Thursday, November 21, 2013

Adventures with the ACA, Part 2

This week, the media frenzy over the federal website, Healthcare.gov, has thoroughly disgusted me.  Talk about losing any kind of perspective!  And it wasn't just one media outlet, either.  Everywhere I turned, the problems this website had been experiencing were equated with "the failure of Obamacare."  Oh, puleeze!  Calm down and get real.  Take a deep breath and a big step back.

Considering what the Healthcare.gov website is expected to do to serve all those people whose states refused to participate in the ACA and create their own insurance exchanges online, I'd say things have gone about as usual for the launch of any giant website that hadn't enough time for development, endured last minute revisions, and has been under intense focus with unrealistic media expectations. 

Above all, it is NOT the failure of Obamacare.  It shocks me that I hear that phrase pass the lips of any journalist much less those who are highly respected in their field.  The ACA is a law that so far has been quite successful.  The federal website is only one part of the implementation of that law.  If there's been any failure, it's been in the development, creation and launch of the website and the people responsible for it.  It's not Obama's fault.  It's not the ACA's fault (a law cannot be at fault, reasonably speaking).  Focus criticism where criticism belongs -- on the website designer and software developer who created the site. 

Be patient, people!  I do not understand why there's suddenly such an urgency in the media connected to the federal website.  It's not at all helpful.  To anyone.  I've been especially surprised that no media outlet that I have seen or visited has bothered to research website design, development and implementation and compared the federal website with something comparable.  It's not like other websites haven't had problems, glitches that have taken months to fix.  Hello!  Stop and think about this, people.
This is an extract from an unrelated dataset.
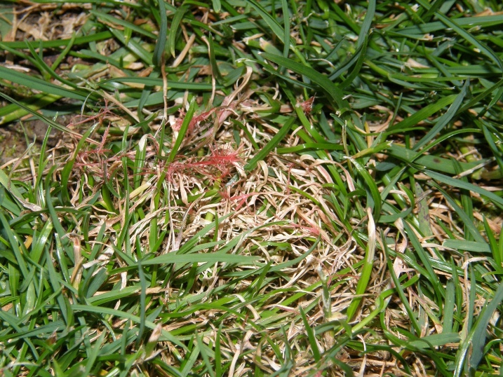 Aha. Tak na téhle fotografii jsou zcela zřetelně vidět chomáčky a nitky - což značí napadení tzv. "nitkovitostí", neboli Kornatkou travní (Laetisaria fuciformis)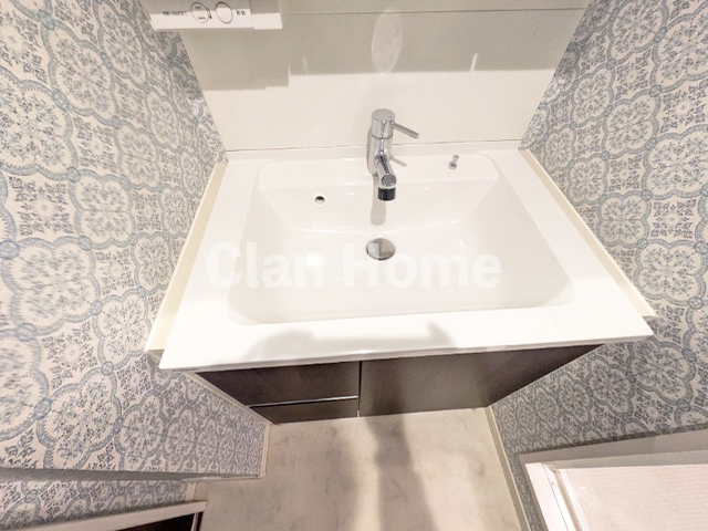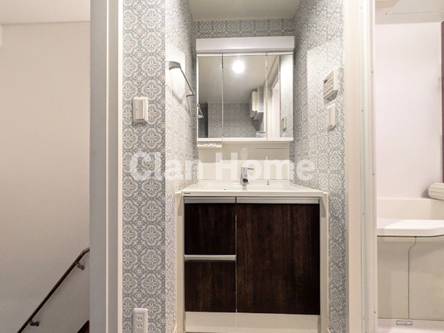 独立した洗面脱衣所があり、シャンプードレッサー(三面鏡付の洗面台)と室内洗濯機置き場がスマートに配置されています。脱衣スペースにゆとりがあるため、朝の身支度もストレスなく行えます。

Meanwhile, I am moving ahead with my own project to shop for new medical insurance for myself.  My meeting with my insurance agent a couple days ago proved to be extremely helpful.  He explained some things I didn't understand (copay plans vs. deductible plans, the meaning of metals, how the tax credits work) and also described the steps at the MNSure website that I'll be taking to apply for tax credits and then buy my plan.  I wish MNSure had included a tutorial for people to go through before actually filling out their applications, etc.  It helps to know what to expect.... 

As we talked about the application for tax credits, I realized that I needed to return and change some of my answers.  Talking it through with my agent helped me to see how I needed to approach it.  The estimate of income in 2014 is more important than I realized before.  The percentage tax credit is based on that income figure.  If I underestimate it and actually make more, I may have to repay some of the tax credit I received.  If I overestimate it, then the government will need to pay me more.  The goal is to get as close as reasonably possible with the estimate. 
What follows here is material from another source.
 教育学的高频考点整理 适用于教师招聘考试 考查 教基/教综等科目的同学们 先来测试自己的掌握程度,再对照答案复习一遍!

Once I've found out my tax credit, i.e. submitted the application, I can then proceed with buying a plan.  After my meeting with my agent, I concluded that I needed a deductible plan, not copays, with a broad network of providers and comprehensive drug formulary.  None of the plans I was looking at had the deductible I wanted, i.e. $1K.  One was $2K, the other $750.  Out of pocket was the same, respectively, as the deductible amounts.  The monthly premiums were between $400 and $500.  Even without the tax credit, I'd save money on the premium compared with what I'm paying now.  With the tax credit, the savings could be substantial.


I researched the plans from another company whose national network would be good if I planned to travel a lot, which I'm not.  All I have left to do is finish the application and the purchase at the MNSure website, pay the January premium, and....drum roll...that task will be done.

How are you all doing with your participation in the ACA?  I'd love to hear your stories in the comments section below....

1 comment:

Daughter Number Three said...

Love this:

"Considering what the Healthcare.gov website is expected to do to serve all those people whose states refused to participate in the ACA and create their own insurance exchanges online, I'd say things have gone about as usual for the launch of any giant website that hadn't enough time for development, endured last minute revisions, and has been under intense focus with unrealistic media expectations."